Editing or working with most of our data requires software for working with geographic and geospatial data The OSGeo project provides free and open source desktop software to work this kind of data called QGIS.
There are other free and paid software options for working with geospatial data, but all of it has a learning curve. We are not able to provide support for those 3rd party software applications. For QGIS at least, the best options for learning are via the many community developed tutorial videos and texts.
We suggest starting with the GeoPackage (geoPKG, .gpkg) formatted files to use in QGIS or any geospatial software.
What about Google Earth?
We provide KML/KMZ options for Google Earth and Google Earth Pro, but neither of those applications support editing our data, only viewing the data. If you need to make changes to the data you get from us, you will need a desktop application like QGIS discussed above.
How large is the nationwide dataset?
The nationwide dataset is approximately 400-800 GB uncompressed, varying by file format, storage method, attribute tier, and other factors.
How do you load all of these files into a database?
We generally work in a GNU/Linux environment using the command line. Our internal workflow makes use of the OSGeo Foundation libraries and tools including GDAL/OGR and PostGIS for PostgreSQL. The OSGeo project also provides an MS Windows 10 installer for using the tools on a Windows machine named OSGeo4Win.
The ogr2ogr
command line tool is the best way to import data into a PostgreSQL/PostGIS or MS SQL Server database.
Below is a typical command line to cycle through a set of GeoDB files and append them to a table in PostgreSQL:
for gdb in /path_to_files/*.gdb ;
do echo "$gdb" ;
ogr2ogr -f "PostgreSQL" PG:"dbname=dbname" $gdb -progress --config PG_USE_COPY YES -nln public_schema.target_table_name -append ;
done
Dealing with custom columns at scale is best accomplished by ignoring them during import.

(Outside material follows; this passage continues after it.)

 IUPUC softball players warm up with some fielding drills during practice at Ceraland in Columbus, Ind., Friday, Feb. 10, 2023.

One approach is to use the -sql
option with ogr2ogr
to restrict what columns you load to all of, or a sub-set of, the columns in our Regrid Parcel Schema. We use the filename_stem
value from our verse
table to assign layer names in formats that support layer names. In the below example,
ogr2ogr -f 'PostgreSQL' PG:'dbname=dbname' st_county.gpkg -sql 'select wkb_geometry,geoid,etc from <filename_stem>' -nln st_county_imported
Using ogr2ogr to load parcel data into a MS SQL Server works the same way. Parcel data should use the geometry
data type in MS SQL Server. A good example of how to do that is this blog post by Alastair Aitchison. They also cover installing the OSGeo4Win environment.

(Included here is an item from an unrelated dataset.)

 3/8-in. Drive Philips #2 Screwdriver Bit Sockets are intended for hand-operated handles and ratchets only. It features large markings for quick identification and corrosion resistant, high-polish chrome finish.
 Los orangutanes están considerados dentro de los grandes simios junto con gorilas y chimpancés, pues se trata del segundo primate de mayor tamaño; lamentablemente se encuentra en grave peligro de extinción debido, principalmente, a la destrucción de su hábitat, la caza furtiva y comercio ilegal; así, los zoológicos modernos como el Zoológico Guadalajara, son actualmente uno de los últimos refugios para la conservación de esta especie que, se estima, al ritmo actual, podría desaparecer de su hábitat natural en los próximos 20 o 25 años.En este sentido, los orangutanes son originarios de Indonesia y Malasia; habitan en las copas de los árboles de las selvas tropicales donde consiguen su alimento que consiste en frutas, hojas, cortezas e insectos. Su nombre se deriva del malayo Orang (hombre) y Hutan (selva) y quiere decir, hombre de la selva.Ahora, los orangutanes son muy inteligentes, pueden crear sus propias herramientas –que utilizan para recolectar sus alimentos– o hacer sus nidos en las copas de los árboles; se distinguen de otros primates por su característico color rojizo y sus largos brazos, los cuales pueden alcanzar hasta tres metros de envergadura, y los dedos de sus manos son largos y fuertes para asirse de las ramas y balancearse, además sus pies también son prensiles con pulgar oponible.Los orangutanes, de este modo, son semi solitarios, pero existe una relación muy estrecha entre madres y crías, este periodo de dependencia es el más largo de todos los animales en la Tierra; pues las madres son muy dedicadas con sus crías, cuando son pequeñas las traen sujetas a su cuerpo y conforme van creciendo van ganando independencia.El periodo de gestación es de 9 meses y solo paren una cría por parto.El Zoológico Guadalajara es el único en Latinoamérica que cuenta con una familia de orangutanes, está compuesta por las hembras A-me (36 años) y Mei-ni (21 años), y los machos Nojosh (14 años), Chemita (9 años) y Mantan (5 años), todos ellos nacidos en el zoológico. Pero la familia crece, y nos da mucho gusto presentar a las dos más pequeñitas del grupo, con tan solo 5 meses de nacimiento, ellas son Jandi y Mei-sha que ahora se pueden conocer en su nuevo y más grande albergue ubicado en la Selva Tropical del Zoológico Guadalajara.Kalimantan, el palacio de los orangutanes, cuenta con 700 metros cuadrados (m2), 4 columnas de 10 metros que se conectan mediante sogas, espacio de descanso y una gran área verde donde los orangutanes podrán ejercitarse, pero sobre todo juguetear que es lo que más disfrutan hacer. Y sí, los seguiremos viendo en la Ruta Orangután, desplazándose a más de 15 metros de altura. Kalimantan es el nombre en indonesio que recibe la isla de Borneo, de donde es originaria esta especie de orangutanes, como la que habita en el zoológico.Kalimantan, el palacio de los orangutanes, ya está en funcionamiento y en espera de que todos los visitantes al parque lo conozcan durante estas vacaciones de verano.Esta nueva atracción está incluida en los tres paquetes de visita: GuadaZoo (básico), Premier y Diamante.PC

An example osgeo4w shell command to load a folder full of geopackages into MS SQL Server looks like this:
for /R %G in (*.gpkg) do ogr2ogr -progress -f "MSSQLSpatial" "MSSQL:server=localhost;database=alabama;trusted_connection=yes" %G -nln "%~nG"
The main item of the command line options are the database connection options. You will have to make sure the user name and password are available and that the client can actually connect to the database and has all the needed permissions. For PostgreSQL on GNU/Linux, there are standard PG_* environmental variables and the .pgpass file for storing credentials that will work with the ogr2ogr commands so they do not have to be included in the command line.
Why do some Shapefiles say '2GB_WARN' in the file name?
The shapefile format itself has a 'soft limit' of 2 gigabytes (GB) of data. 'Soft limit' means it is just a rule of the format: "no data larger than 2GB". There is no technical limit preventing more data being encoded as a shapefile. When we export large counties, our tools inform us the resulting shapefile is over that soft limit.
We can confirm that some software handles 2GB and larger shapefiles just fine (OSGeo tools like QGIS), but some software will just silently ignore attribute data above the 2GB limit (ArcGIS). A sincere thank you to the Regrid client who did a lot of in depth research and testing on this and shared their results with all of us.
Starting in July 2020, we made the following changes to help flag the counties where the data exceeds the 2GB soft limit. Please double check how you are handling these files.
- The filenames themselves will indicate the county generated the 2GB warning on export. A
_2GB_WARN
suffix is added to the file names so you can know just by checking the name. - We added a column to our
verse
table, namedshapefile_size_flag
so you can check if a place needs a different format than Shapefile, or to generate a list of places you need to pull the alternate format for. - Shapefiles that are larger than 2GB are not available through our data store.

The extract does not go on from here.